RECORDED INFORMATION —
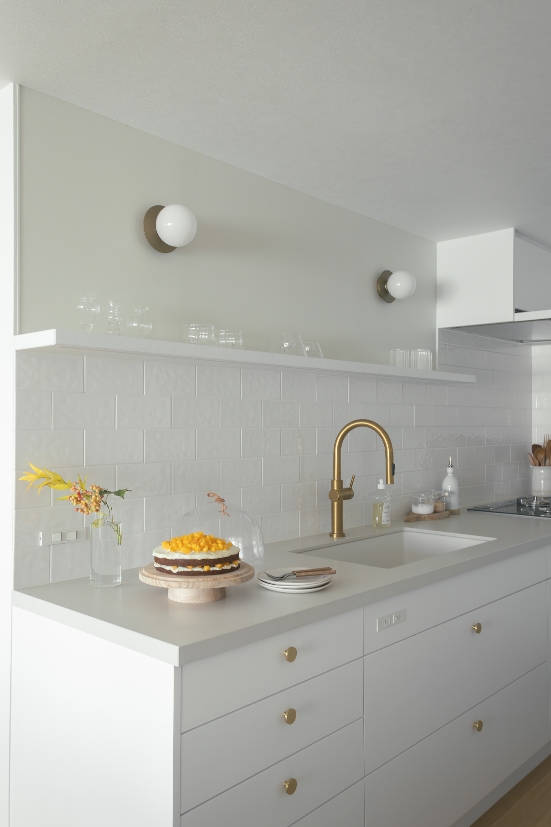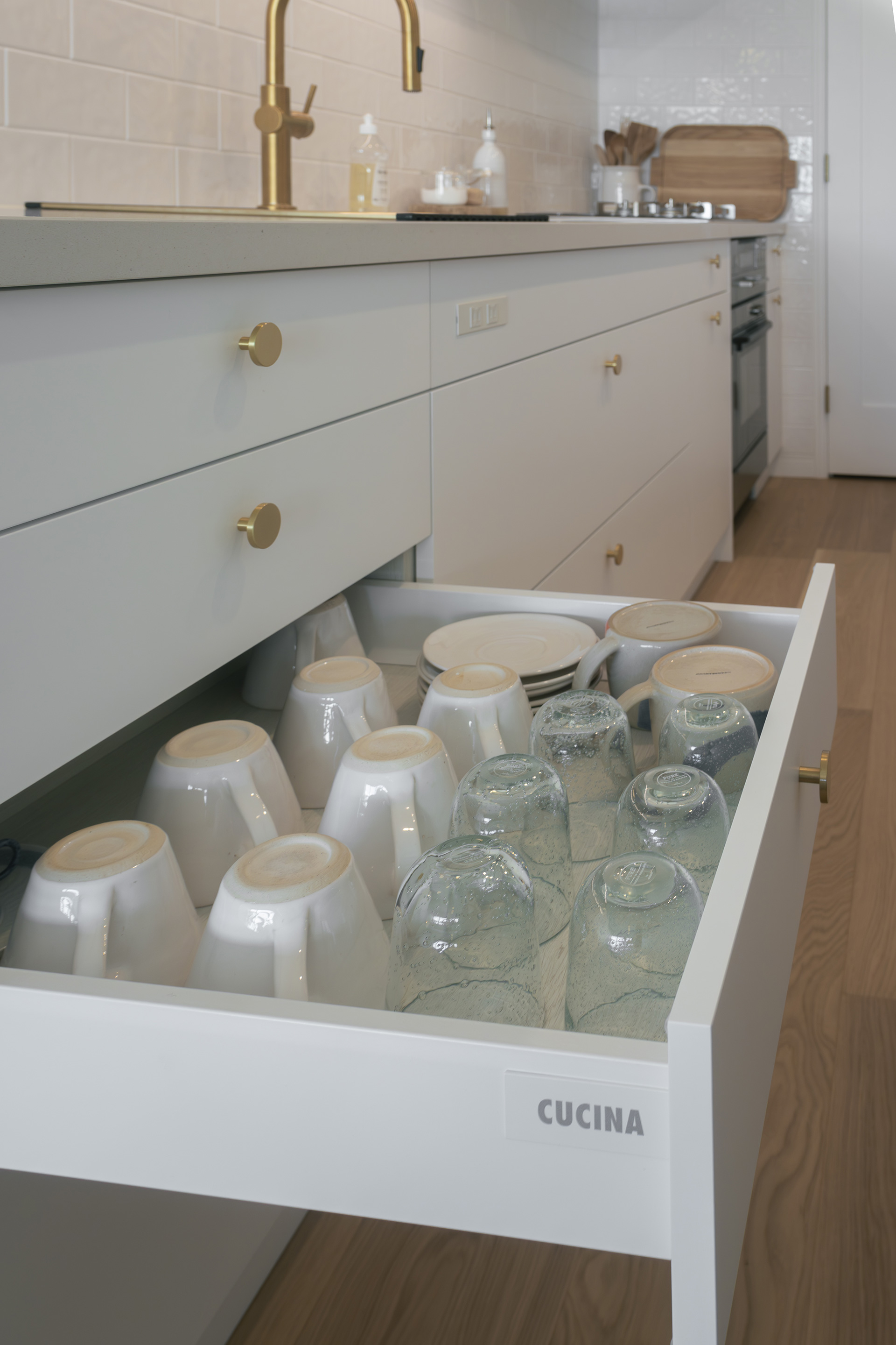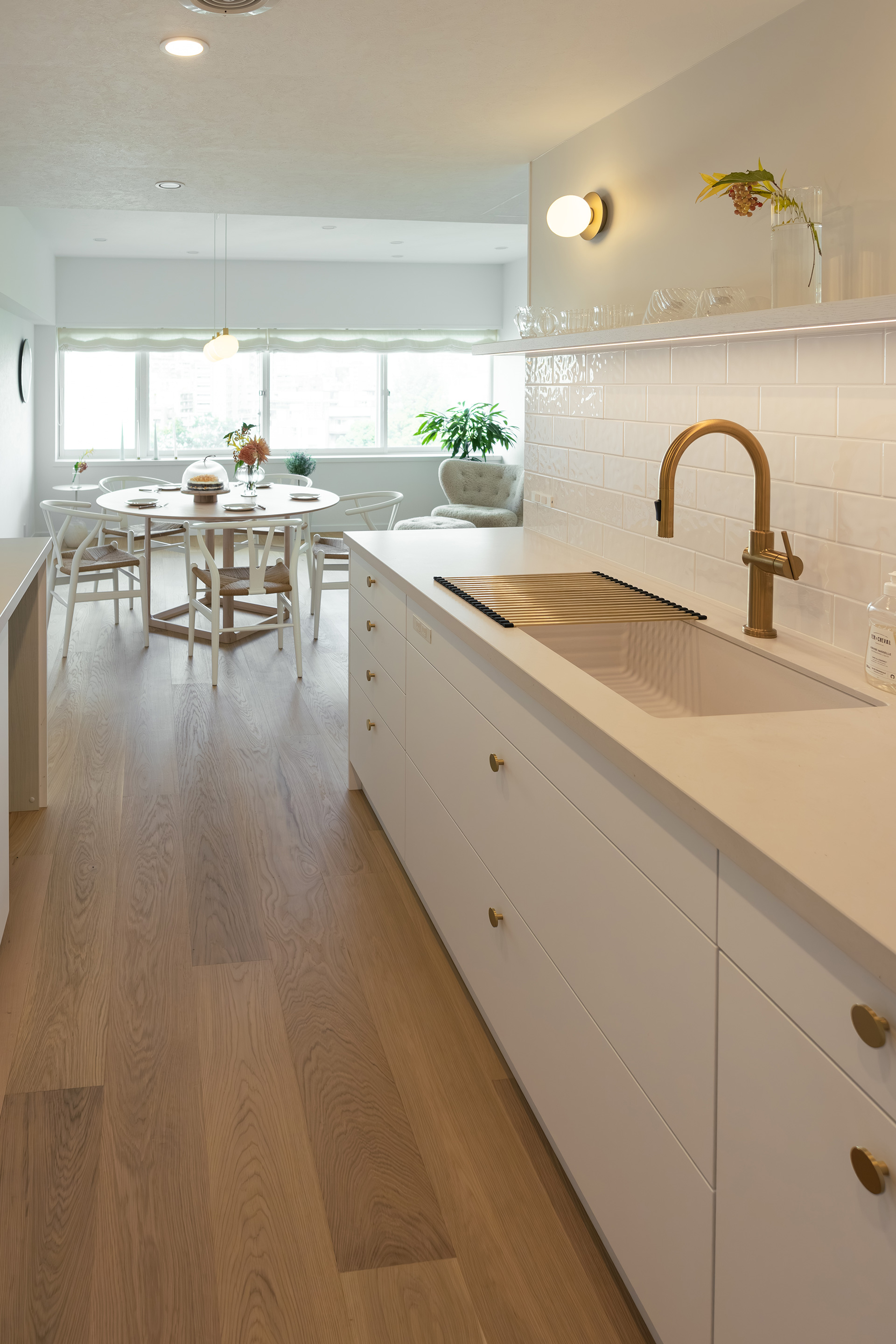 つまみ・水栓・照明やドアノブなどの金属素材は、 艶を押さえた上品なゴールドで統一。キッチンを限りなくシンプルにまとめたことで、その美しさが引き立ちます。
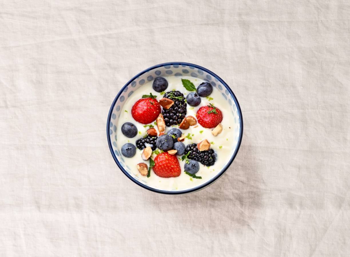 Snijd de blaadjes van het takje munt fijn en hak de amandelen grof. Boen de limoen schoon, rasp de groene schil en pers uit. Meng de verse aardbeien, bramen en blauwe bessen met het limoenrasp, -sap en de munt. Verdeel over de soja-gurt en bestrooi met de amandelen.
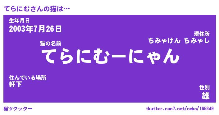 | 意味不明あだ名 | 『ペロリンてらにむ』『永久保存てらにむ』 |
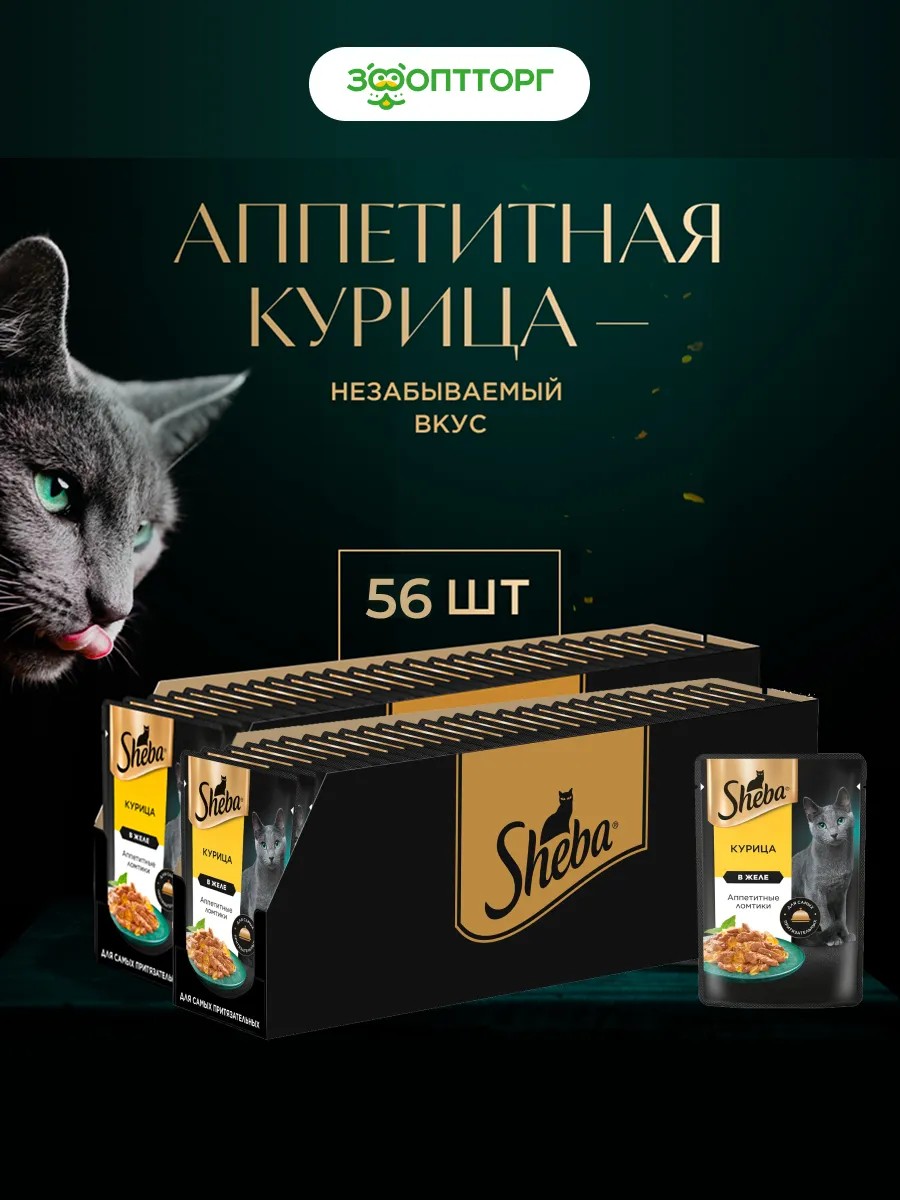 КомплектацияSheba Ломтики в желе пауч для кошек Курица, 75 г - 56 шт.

EXERCISE OBJECTIVE —
Once the pictures are set aside, please reproduce the remaining material word for word.

WORKED SOLUTION —
 つまみ・水栓・照明やドアノブなどの金属素材は、 艶を押さえた上品なゴールドで統一。キッチンを限りなくシンプルにまとめたことで、その美しさが引き立ちます。
 Snijd de blaadjes van het takje munt fijn en hak de amandelen grof. Boen de limoen schoon, rasp de groene schil en pers uit. Meng de verse aardbeien, bramen en blauwe bessen met het limoenrasp, -sap en de munt. Verdeel over de soja-gurt en bestrooi met de amandelen.
 | 意味不明あだ名 | 『ペロリンてらにむ』『永久保存てらにむ』 |
 КомплектацияSheba Ломтики в желе пауч для кошек Курица, 75 г - 56 шт.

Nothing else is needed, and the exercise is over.